PE Investments in Indian Real Estate Decline 15% to USD 819 Million in Q3: Anarock

Private equity investments in Indian real estate decreased by 15% to USD 819 million in the July-September quarter, according to Anarock. The drop is attributed to global uncertainties and economic challenges.

Private EquityReal EstateAnarockInvestmentGlobal UncertaintiesReal Estate MumbaiOct 11, 2025

PE Investments in Indian Real Estate Decline 15% to USD 819 Million in Q3: Anarock
Real Estate Mumbai:New Delhi, Oct 11 (PTI) Private equity investments in Indian real estate saw a 15 percent decline in the July-September quarter, amounting to USD 819 million, as reported by property consultant Anarock. In the year-ago period, the private equity (PE) inflow stood at USD 967 million.

During the first half of the 2025-26 fiscal year, PE investments fell by 15 percent to USD 2.2 billion, down from USD 2.6 billion in the corresponding period of the previous financial year, according to data from Anarock's arm, Anarock Capital. The share of foreign capital in total investments was 73 percent during the first half of this fiscal year.

A stronger deal showing in the first quarter of FY26 initially presented a glimmer of hope, but this was short-lived as activity subsided in the second quarter. When viewed on a full-year basis, PE activity has been on a steady decline from a high of USD 6.4 billion in FY21 to USD 3.7 billion in FY25, said Shobhit Agarwal, CEO of Anarock Capital.

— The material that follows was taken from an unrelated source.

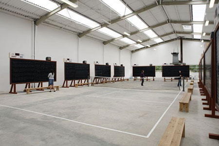 Opening night Saturday 27th June at Le Moulin, 6pm to midnight: o At 6pm: exhibition visit and cocktail o From 9pm to midnight: rustic banquet and Dj set beside the river Ilya & Emilia Kabakov, The Tennis Game 27th June � 4th October 2009 Ilya Kabakov (born in Dniepropetrovsk in 1933, Ukraine), worked in the Soviet Union as a children�s book illustrator until 1988. This context did not allow him to work as a �free� artist. He left the Soviet Union, first of all staying in Germany and then moved to New York. Emilia Kabakov (born in Dniepropetrovsk in 1945) studied music then experienced being a curator and gallery owner in New York from 1975. She has worked with Ilya Kabakov since 1989. They both live and work on Long Island (United States). As Kabakov himself defines, their works of art are part of a�Total Installation�, which signifies putting art and life in contact. His works are as much progressive, as they are romantic, and invite the spectator to concentrate on their own life, on the possibilities, the problems and the solutions with regard to their personal reality. The main work of art presented at Galleria Continua / Le Moulin is Tennis Game, A conversation between Ilya Kabakov and Boris Groys, which re-stages the medieval custom of a philosophical argument, a type of intellectual tournament between two rivals. With a discussion of this kind, a preliminary subject was established and discussed by the two partners. The two rivals belonged to sides with different traditions and the joust was rich with abrupt movements. Here, a tennis court is surrounded by fourteen black paintings unwinding the thread of a conversation between the artist and Boris Groys: the sports game gives way to the dialectic and the sports ground becomes the scene of a re-transcribed verbal joust. The match was played by Ilya Kabakov and Boris Groys. The spectators can watch past action on television screens. True, the players don�t have the same level as Boris Becker or Marat Safin, but the principal after all, is to love the game. At the same time, the spectators can contemplate the result of another game, written on the black painting. The dialogues between the philosopher Boris Groys and the artist Ilya Kabakov are presented like five rounds of a tennis match in which a question is served and then followed by a return shot. Ilya & Emilia Kabakov�s work has been exhibited in many museums like the Museum of Modern Art (New York), the Centre Pompido (Paris), the Hirshhorn Museum (Washington DC), the Stedelijk Museum (Amsterdam), at the Documenta IX, at the Whitney Biennial 1997, at the State Hermitage Museum (St. Petersburg) and in several Venice Biennials. In 1993 for example, they represented Russia at the 45th Venice Biennial with their installation The Red Pavilion. In 2008, a large retrospective: Alternative History of Art and Other Projects � and first exhibition in Russia since leaving at the end of the 1980�s � took place in four exhibition spaces in Moscow (State Pushkin Museum of Fine Arts, Center for Contemporary Culture Garage, Moscow, Contemporary Art Center, Winzavod, M&J; Guelman Gallery). The Kabakov�s works of art feature in many public collections across Europe. They have also won a large number of honorary prizes, like the Oscar Kokoschka Preis (Vienna) in 2002, and they were made Chevaliers des Arts et des Lettres in Paris, in 1995. Kimsooja, Mumbai-A Laundry Field June 27 � October 4 2009 The artist Kimsooja (Born 1957, Taegu, Korea) acts as a visual and spiritual mediator through a metaphor for life which viewers are invited to contemplate. Since the early �80s, Kimsooja began to include colourful used and popular fabrics in her work. Her fascination with textiles specifically began in 1983. It was a very precise moment in her life, when she was sewing a Korean bedspread with her mother. At that time, she was questioning the concept of �painting�s surface dimension�. When she first placed a needle into the structure of a fabric, she felt thrilled and joyful, as if a ray of immeasurable energy penetrated through her fingers and into her whole body, reaching to the needlepoint where it met the surface of the fabric. Since this very particular experience, Yin and Yang have become life's essential components for Kimsooja, and have evolved on a number of levels in her art. The work �Mumbai: A Laundry Field�, showing at Galleria Continua, Beijing, in a 4 channel video format, evolved from the series "A Needle Woman" (1999-2001 and 2005). The series was filmed in cities and other locations around the world. The artist, in a featureless outfit, has her back to the camera, almost like a silhouette. The central figure is an unknown and common presence, an "everywoman�, constantly portrayed as a fixed point in the flow of the passing crowds, or lying still while clouds pass overhead. In this video series, Kimsooja�s body is always an anonymous presence moving into a deep phase of meditation, immersing in contemplative scenarios, breaking through the world�s surface and deep into its soul, "like a needle in a haystack". The eye of the camera corresponds to that of the artist, standing apart, watching from a detached perspective. It is as if in a pure act of concentration the world vision would appear clearer and undisturbed through the narrow needle�s �eye�. Jorge Macchi, Diario Intimo June 27 � October 4 2009 The artist Jorge Macchi was born in 1963 in Buenos Aires, where he lives and works. He plays an important role amongst the generation of Argentinian artists who emerged in the 1990�s. In 1993, he moved to Paris, the start of a five year period during which he travelled all over Europe, participating in many residencies in Rotterdam, Amsterdam and London� In 1998, Jorge Macchi returned to Buenos Aires. In 2005 he displayed his work at the Venice Biennial, representing Argentina. His work was exhibited notably at the Havana, Sao Paulo and

Agarwal noted that real estate sales volumes are currently high in the residential segment, which has significantly improved developers' cash flows. This reduction in dependence on expensive Alternative Investment Funds (AIFs) is a positive development. Additionally, due to improved business dynamics, banks are now better capitalized and more willing to lend to the real estate sector, a contrast to previous years.

On the commercial real estate front, Agarwal highlighted that there is considerable uncertainty due to the Russia-Ukraine conflict, which is causing inflation to rise and other global macroeconomic uncertainties. These factors have impacted global funding flows. However, he believes this is a temporary phenomenon, as India remains a growth market and one of the few countries where investments can still grow. Once these uncertainties are resolved and better clarity emerges, it is expected that PE fund flows to commercial real estate will pick up.

During the first six months of this fiscal year, the industrial and logistics segment did not receive any PE inflow. In contrast, the retail, mixed-use, and commercial asset classes registered a strong presence. The hotel and data center sectors also made a notable impact in the current half-year, according to the consultant.

Frequently Asked Questions

What is the current state of PE investments in Indian real estate?

Private equity investments in Indian real estate have declined by 15% to USD 819 million in the July-September quarter of 2023, according to Anarock.

How has the industrial and logistics segment performed in terms of PE inflow?

The industrial and logistics segment did not receive any PE inflow during the first six months of the fiscal year, as reported by Anarock.

What are the main factors affecting PE investments in commercial real estate?

The main factors affecting PE investments in commercial real estate include global uncertainties such as the Russia-Ukraine conflict, rising inflation, and other macroeconomic challenges.

What is the outlook for PE investments in the Indian real estate market?

Despite the current decline, experts believe that once global uncertainties subside, PE fund flows to commercial real estate in India will pick up, given the country's growth potential.

How have residential real estate sales volumes impacted developers?

Residential real estate sales volumes are high, which has significantly improved developers' cash flows and reduced their dependence on expensive Alternative Investment Funds (AIFs).